Cureus. 2022 Jan 24;14(1):e21554. doi: 10.7759/cureus.21554. eCollection 2022 Jan.

Abstract

Acute renal infarcts may be asymptomatic or occur with flank pain, nausea, vomiting, or hematuria. Given the non-specific symptomatology, many acute renal infarcts are misdiagnosed or not diagnosed at all. Most are diagnosed with contrast-enhanced computed tomography. A high index of suspicion should be maintained, especially for patients with cardiovascular risk factors. A negative workup for the etiology of a renal infarction should prompt cardiac monitoring for paroxysmal atrial fibrillation because this is the primary etiology in up to one-third of cases.
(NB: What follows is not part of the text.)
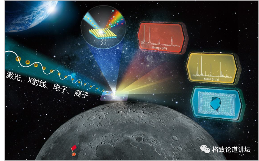 首先看一看我们要搭建什么样的平台。根据月壤样品的特点,我们不能去损耗它,所以我们要想办法用不损耗样品的方式,从样品中获得尽可能多的信息。所有的这些平台其实都可以想象成一个显微镜,它们的原理是类似的。你首先需要有一个源,这个源可以产生一束光、一束电子或者一束离子,然后照射在样品上;从样品中再激发出光、电子或离子,通过收集这些信号;我们就可以知道样品的形貌、结构和成分信息。

Treatment of atrial fibrillation reduces the risk of recurrent renal infarction as well as stroke. Early diagnosis of acute renal infarction in a select group of patients may allow for endovascular intervention to re-establish vascular patency. Here, we review the case of a 43-year-old man with no significant medical history who presented with flank pain in the setting of an acute renal infarct.

摘要

急性肾梗死可能无症状,或伴有胁腹疼痛、恶心、呕吐或血尿。鉴于其症状不具特异性,许多急性肾梗死被误诊或根本未被诊断出来。大多数是通过增强计算机断层扫描诊断出来的。应保持高度怀疑,尤其是对有心血管危险因素的患者。对肾梗死病因的检查结果为阴性时,应促使对患者进行阵发性心房颤动的心脏监测,因为这是高达三分之一病例的主要病因。治疗心房颤动可降低复发性肾梗死以及中风的风险。在特定患者群体中早期诊断急性肾梗死,可能允许进行血管内介入以重建血管通畅。在此,我们回顾一例43岁男性的病例,该患者无重大病史,因急性肾梗死出现胁腹疼痛。